**Input:**

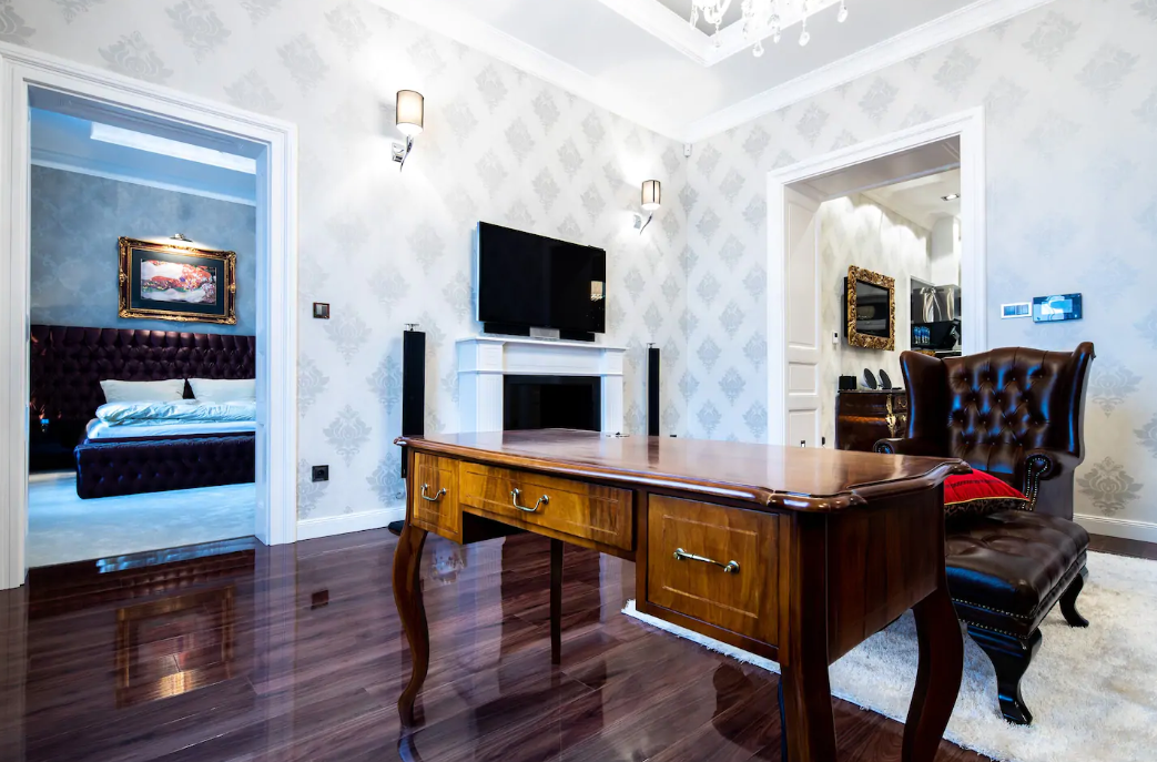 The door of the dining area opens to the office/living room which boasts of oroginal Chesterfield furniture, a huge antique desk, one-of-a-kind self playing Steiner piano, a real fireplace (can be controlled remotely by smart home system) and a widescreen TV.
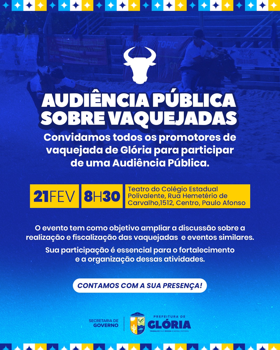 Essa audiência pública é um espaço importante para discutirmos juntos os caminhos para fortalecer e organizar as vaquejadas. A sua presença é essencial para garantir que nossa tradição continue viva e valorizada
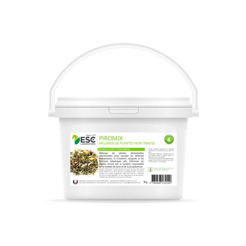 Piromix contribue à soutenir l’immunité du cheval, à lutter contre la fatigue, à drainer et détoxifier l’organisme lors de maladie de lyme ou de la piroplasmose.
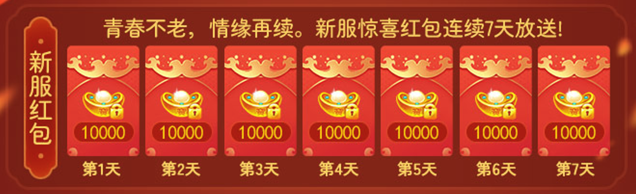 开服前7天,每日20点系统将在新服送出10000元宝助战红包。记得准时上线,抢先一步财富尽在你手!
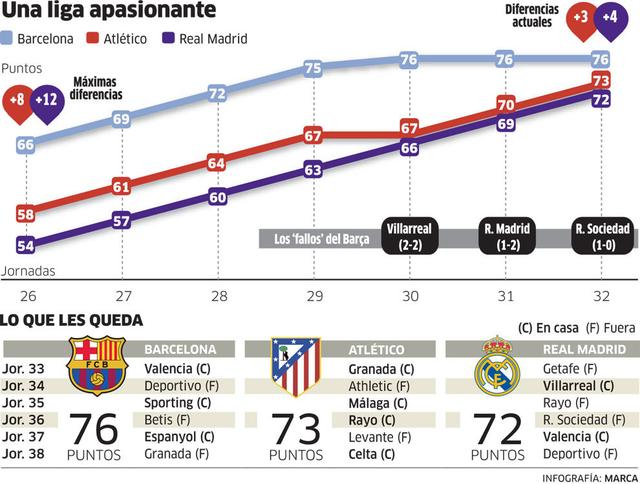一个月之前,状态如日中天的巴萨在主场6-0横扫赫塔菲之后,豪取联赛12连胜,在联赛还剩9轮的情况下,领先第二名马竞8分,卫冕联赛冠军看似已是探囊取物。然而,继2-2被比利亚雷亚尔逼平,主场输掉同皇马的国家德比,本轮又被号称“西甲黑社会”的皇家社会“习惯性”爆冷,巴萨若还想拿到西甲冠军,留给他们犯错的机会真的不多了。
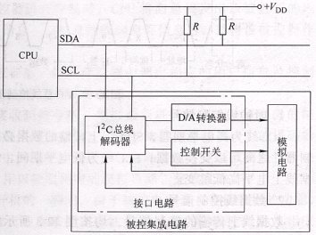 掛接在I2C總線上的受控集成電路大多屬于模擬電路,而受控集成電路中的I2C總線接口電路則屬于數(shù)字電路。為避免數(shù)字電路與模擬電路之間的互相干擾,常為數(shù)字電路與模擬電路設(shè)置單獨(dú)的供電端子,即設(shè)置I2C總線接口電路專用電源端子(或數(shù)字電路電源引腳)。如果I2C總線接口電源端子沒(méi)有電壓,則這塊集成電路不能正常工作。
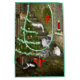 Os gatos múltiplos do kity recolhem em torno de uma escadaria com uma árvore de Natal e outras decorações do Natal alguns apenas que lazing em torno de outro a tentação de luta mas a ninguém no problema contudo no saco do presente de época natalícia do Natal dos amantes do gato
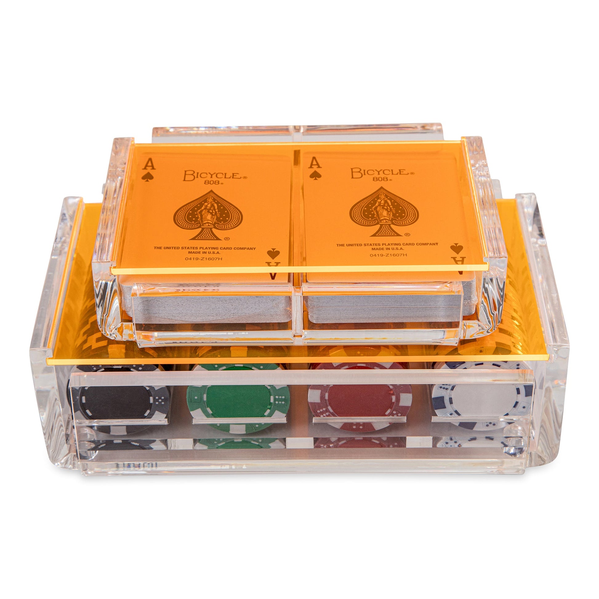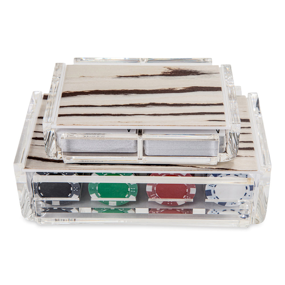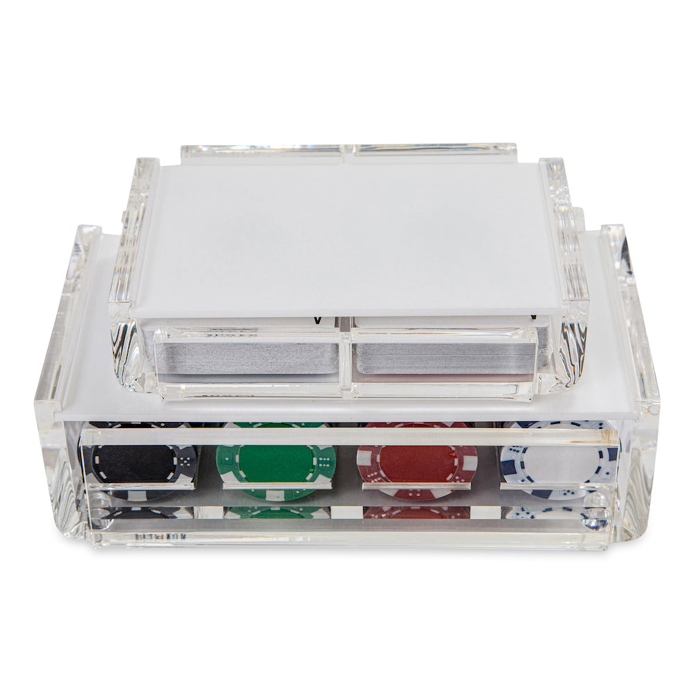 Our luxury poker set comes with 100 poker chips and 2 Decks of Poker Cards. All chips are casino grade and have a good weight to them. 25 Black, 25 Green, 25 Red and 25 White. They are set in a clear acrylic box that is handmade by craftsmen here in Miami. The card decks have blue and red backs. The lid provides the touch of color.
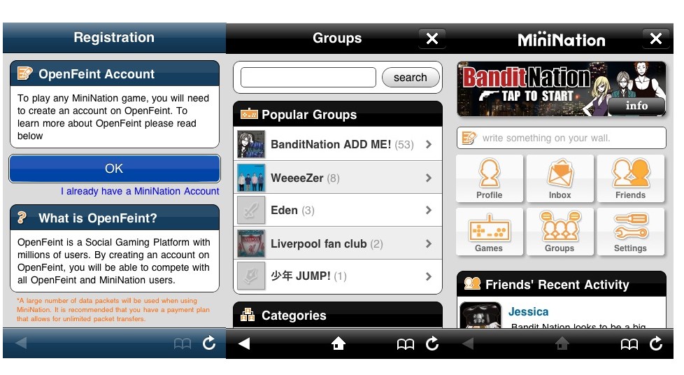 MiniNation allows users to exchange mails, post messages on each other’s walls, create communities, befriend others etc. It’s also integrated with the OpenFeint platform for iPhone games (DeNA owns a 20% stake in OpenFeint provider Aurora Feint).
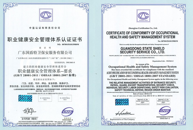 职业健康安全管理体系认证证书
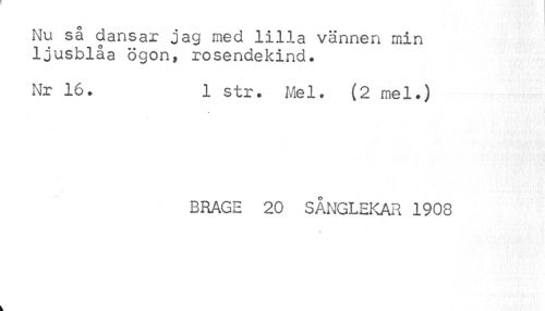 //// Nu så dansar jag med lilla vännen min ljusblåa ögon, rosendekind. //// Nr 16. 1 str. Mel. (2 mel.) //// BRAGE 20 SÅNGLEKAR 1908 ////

* * *

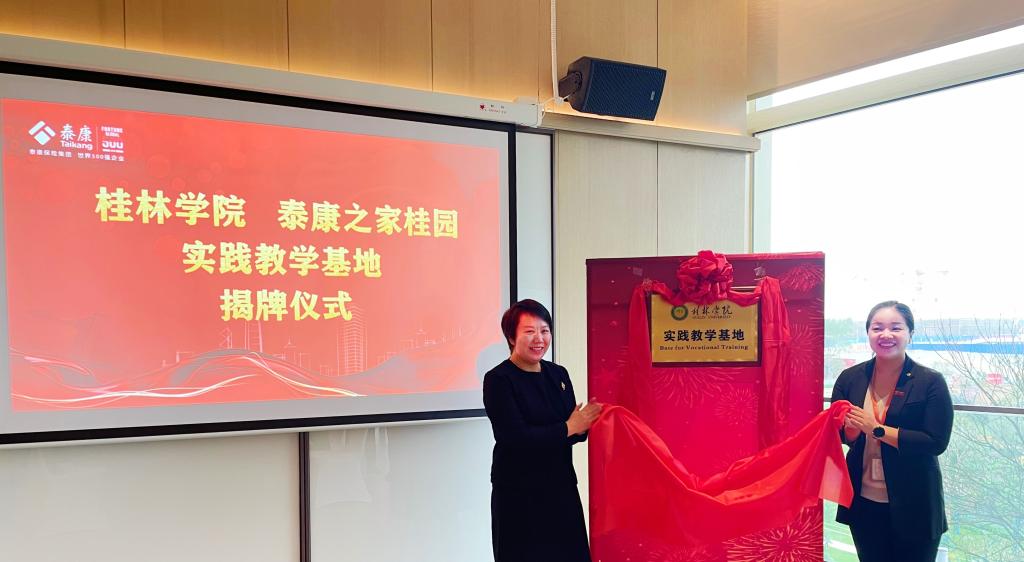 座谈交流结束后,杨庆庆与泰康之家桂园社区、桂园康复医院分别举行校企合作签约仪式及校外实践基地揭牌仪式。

--

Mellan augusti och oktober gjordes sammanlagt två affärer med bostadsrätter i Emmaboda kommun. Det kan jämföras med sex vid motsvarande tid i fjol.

**Requirement:**
Pictures excluded, give again exactly and only the lines of the material above from the line with "职业健康安全管理体系认证证书" through the line with "SÅNGLEKAR 1908 ////".

**Solved exercise:**
 职业健康安全管理体系认证证书
 //// Nu så dansar jag med lilla vännen min ljusblåa ögon, rosendekind. //// Nr 16. 1 str. Mel. (2 mel.) //// BRAGE 20 SÅNGLEKAR 1908 ////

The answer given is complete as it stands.